The Immorality of Over-Commodification

Michael Sandel aims to establish that there is an inherent immorality in market values entering nonmarket spaces, which is occurring through the over-commodification of an increasingly market-driven world. As is suggested in the title of his work, What Money Can’t Buy: The Moral Limits of Markets, Sandel believes that there are some objects, institutions, and ideas that should not be able to be bought and sold.

Sandel suggests that market values don’t merely enter spaces as well as existing civic values, but instead that market values “crowd out” existing values. He provides the example of a Swiss town feeling less inclined to support the nuclear waste plant near their homes when they were offered financial incentives for allowing it, as well as lawyers preferring to give free advice to pensioners rather than for a dramatically reduced fee. In both cases, “the intrusion of market norms crowded out [a] sense of civic duty” (140). Sandel thus argues that free-market values corrode important societal value systems, such as civic goodness and altruism.

Sandel also suggests that the market cannot regulate morally righteous behavior, but that it instead tends to result in the opposite, as ethics are abandoned in favor of making money. In the case of the “bribe for sterilization” offered by Barbara Harris, Sandel questions the ethics of impoverished addicts being paid off for sacrificing their ability to reproduce, adding that, “from the standpoint of market reasoning, it’s not clear why the program should provoke outrage” (51). Sandel also cites the example of life insurance to elucidate his point that market logic has crowded out moral righteousness through emphasizing “the dehumanizing attitudes” (177) that underpin the purchasing of life insurance purely for individual or corporate gain rather than personal connection.

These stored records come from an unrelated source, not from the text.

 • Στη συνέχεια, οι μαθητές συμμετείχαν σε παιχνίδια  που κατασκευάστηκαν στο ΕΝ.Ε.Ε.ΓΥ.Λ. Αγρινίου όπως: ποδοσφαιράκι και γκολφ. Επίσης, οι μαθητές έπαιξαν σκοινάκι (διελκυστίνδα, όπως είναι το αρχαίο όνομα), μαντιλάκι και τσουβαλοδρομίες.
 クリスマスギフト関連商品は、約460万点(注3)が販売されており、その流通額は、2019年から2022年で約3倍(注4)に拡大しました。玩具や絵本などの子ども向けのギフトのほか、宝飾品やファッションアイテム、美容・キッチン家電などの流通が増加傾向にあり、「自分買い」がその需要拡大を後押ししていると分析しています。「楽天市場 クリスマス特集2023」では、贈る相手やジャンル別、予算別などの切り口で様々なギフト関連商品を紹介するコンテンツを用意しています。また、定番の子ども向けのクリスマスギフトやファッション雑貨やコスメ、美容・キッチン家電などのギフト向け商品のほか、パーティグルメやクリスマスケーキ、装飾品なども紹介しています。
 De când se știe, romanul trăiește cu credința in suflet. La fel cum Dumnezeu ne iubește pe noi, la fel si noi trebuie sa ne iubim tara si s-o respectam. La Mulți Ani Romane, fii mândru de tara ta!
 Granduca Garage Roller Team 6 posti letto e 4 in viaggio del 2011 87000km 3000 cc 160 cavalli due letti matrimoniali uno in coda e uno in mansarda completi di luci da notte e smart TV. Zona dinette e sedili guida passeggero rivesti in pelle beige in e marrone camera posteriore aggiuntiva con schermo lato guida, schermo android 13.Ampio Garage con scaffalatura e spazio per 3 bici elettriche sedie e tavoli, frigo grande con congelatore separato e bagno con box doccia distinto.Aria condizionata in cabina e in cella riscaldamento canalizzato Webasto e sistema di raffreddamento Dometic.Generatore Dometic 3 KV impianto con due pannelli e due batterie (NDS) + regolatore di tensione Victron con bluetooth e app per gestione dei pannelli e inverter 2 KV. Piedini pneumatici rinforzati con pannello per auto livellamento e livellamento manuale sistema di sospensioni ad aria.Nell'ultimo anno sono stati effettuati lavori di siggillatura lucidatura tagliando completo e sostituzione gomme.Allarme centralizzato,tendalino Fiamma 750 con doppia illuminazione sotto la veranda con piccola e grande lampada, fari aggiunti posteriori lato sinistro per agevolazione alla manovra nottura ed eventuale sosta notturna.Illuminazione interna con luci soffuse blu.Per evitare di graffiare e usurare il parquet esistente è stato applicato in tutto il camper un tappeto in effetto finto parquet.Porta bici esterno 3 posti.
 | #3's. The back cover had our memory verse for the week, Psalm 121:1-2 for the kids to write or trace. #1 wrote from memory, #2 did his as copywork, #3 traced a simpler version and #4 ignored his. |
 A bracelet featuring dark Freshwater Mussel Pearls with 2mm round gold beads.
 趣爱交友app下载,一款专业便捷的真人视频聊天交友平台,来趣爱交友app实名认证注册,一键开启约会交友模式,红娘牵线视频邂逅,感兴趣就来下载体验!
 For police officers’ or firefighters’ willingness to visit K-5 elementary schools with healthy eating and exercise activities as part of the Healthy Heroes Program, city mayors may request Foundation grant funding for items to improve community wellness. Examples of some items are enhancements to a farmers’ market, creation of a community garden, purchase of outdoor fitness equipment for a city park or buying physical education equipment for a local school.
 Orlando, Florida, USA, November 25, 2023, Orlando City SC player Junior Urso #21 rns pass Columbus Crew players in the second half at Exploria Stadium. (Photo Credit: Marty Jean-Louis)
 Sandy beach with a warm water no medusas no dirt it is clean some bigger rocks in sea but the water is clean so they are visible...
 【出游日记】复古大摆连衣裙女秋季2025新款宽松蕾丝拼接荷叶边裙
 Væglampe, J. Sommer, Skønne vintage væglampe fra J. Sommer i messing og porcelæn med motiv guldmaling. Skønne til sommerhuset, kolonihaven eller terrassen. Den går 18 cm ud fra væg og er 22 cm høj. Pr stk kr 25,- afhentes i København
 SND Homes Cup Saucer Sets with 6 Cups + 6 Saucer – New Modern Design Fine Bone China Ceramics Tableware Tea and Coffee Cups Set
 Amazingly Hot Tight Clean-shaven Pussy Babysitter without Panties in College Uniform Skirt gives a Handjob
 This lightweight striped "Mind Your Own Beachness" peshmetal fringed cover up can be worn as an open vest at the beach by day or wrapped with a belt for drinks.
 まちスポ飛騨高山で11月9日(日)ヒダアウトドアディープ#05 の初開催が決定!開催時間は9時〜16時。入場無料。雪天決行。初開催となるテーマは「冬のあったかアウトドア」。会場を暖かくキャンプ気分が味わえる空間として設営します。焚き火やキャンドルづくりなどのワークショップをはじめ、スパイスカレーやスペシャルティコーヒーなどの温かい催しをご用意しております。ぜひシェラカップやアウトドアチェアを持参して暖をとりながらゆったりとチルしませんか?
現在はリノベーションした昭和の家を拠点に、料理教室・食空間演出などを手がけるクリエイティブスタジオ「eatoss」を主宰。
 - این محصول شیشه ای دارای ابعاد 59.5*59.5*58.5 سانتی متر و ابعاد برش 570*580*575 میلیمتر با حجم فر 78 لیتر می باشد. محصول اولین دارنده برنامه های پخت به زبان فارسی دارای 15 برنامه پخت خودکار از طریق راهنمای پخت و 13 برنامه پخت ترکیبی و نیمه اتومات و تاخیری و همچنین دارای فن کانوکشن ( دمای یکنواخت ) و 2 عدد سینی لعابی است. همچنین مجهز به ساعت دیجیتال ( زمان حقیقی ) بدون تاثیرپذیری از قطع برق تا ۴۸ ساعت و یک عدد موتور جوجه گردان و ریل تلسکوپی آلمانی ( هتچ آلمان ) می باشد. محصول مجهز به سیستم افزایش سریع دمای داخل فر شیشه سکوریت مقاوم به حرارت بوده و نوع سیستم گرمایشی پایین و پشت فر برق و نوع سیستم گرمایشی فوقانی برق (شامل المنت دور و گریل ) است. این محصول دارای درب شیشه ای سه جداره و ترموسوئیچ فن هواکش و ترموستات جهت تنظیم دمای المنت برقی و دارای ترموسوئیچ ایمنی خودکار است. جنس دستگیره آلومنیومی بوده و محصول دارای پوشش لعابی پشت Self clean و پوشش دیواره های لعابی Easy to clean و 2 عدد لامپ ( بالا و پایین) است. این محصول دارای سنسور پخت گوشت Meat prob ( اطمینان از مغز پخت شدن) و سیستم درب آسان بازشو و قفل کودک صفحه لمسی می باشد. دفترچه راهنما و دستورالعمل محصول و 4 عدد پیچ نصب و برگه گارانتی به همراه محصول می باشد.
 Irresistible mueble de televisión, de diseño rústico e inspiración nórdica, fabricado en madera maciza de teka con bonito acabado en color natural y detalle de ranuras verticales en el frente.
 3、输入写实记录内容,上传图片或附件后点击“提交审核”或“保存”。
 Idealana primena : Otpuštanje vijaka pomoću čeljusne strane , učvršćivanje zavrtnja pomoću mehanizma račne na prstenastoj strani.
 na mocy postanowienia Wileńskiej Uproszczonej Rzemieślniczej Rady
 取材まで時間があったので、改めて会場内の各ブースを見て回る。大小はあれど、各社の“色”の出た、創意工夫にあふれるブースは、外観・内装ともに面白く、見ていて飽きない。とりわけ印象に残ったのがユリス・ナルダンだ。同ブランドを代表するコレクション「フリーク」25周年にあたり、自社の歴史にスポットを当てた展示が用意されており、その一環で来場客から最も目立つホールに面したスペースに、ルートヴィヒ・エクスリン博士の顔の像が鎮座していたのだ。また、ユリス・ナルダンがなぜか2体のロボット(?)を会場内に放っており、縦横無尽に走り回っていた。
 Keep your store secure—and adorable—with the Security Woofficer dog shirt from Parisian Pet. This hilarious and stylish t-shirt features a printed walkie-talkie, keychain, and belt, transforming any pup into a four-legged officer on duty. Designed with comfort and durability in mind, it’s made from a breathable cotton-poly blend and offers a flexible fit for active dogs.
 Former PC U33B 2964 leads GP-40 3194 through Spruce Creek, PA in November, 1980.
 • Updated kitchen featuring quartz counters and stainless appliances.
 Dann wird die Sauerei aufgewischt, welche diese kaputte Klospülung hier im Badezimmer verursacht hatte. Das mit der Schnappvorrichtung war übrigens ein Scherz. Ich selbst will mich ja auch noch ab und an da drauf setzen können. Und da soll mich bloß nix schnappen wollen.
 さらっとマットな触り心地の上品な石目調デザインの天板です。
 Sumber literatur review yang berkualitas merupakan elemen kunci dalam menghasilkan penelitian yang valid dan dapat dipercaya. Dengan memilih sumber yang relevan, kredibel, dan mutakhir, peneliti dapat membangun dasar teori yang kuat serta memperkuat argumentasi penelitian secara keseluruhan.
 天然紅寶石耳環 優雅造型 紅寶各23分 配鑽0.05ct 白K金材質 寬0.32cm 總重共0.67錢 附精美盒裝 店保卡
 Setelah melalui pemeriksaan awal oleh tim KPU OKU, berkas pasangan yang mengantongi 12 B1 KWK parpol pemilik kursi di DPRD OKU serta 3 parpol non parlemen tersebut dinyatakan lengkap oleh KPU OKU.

Sandel argues that market values are also crowding out civic values in the political sphere. He points to the paid line-standers outside of Congress, who had been hired by a company to exclude a rival group of environmentalists from the floor of congress, thereby stifling free debate and meaningful civic engagement by ordinary citizens. He also details how public spaces are being renamed, such as stadiums and subway stations, through corporate sponsorship and advertisements. Often, the replaced names held local historical and cultural significance, but the temptation of corporate funding is too large to resist.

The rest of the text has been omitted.